● WHAT NEEDS TO BE DONE: Print the listing below exactly, images excluded.

● PROVIDED DATA:

►

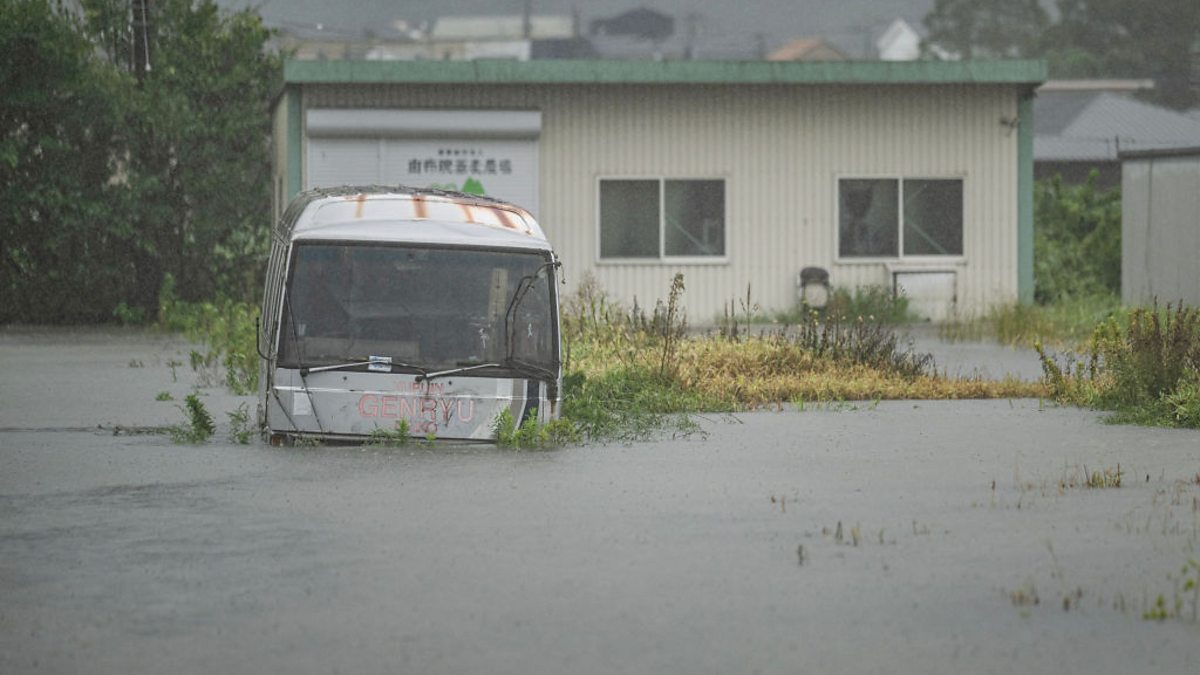 Photo: A bus submerged in Yufu city, Oita prefecture, Japan Credit: Getty Images
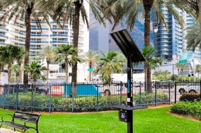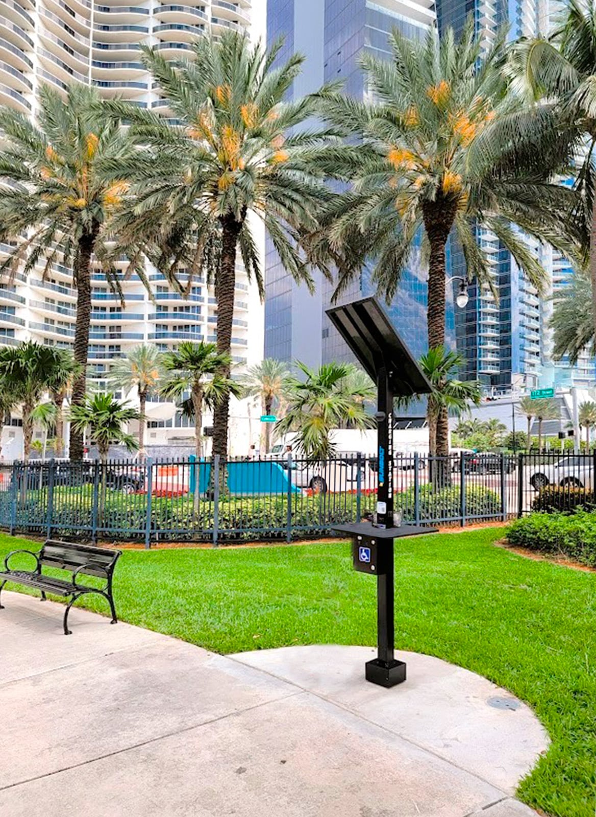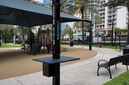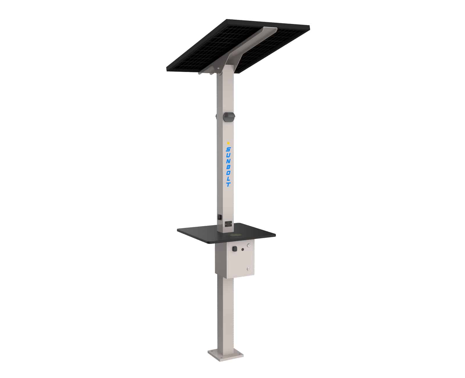 The Sprint Stand-up Solar Charging Station is suitable for a wide range of outdoor areas from parks and trails to restaurants and stadiums, bringing a fresh feel to outdoor mobile device charging. This long-endurance solar-powered charging station provides power for smartphones, tablets, and other hand-held devices.
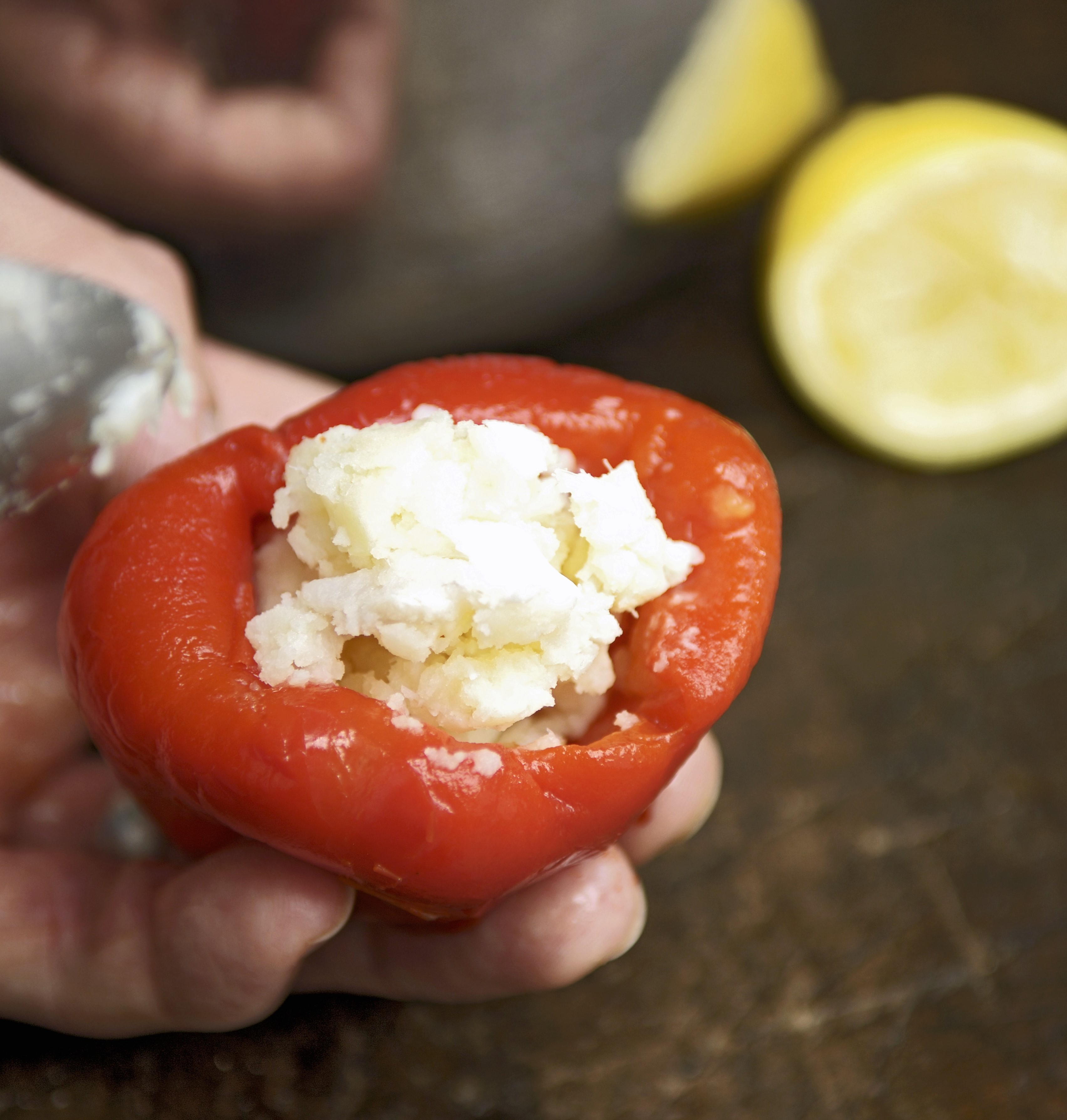 5. 속을 파낸 토마토 안에 4번의 그릭요거트를 채워줍니다.

◄

● RESPONSE BELOW:
 Photo: A bus submerged in Yufu city, Oita prefecture, Japan Credit: Getty Images
 The Sprint Stand-up Solar Charging Station is suitable for a wide range of outdoor areas from parks and trails to restaurants and stadiums, bringing a fresh feel to outdoor mobile device charging. This long-endurance solar-powered charging station provides power for smartphones, tablets, and other hand-held devices.
 5. 속을 파낸 토마토 안에 4번의 그릭요거트를 채워줍니다.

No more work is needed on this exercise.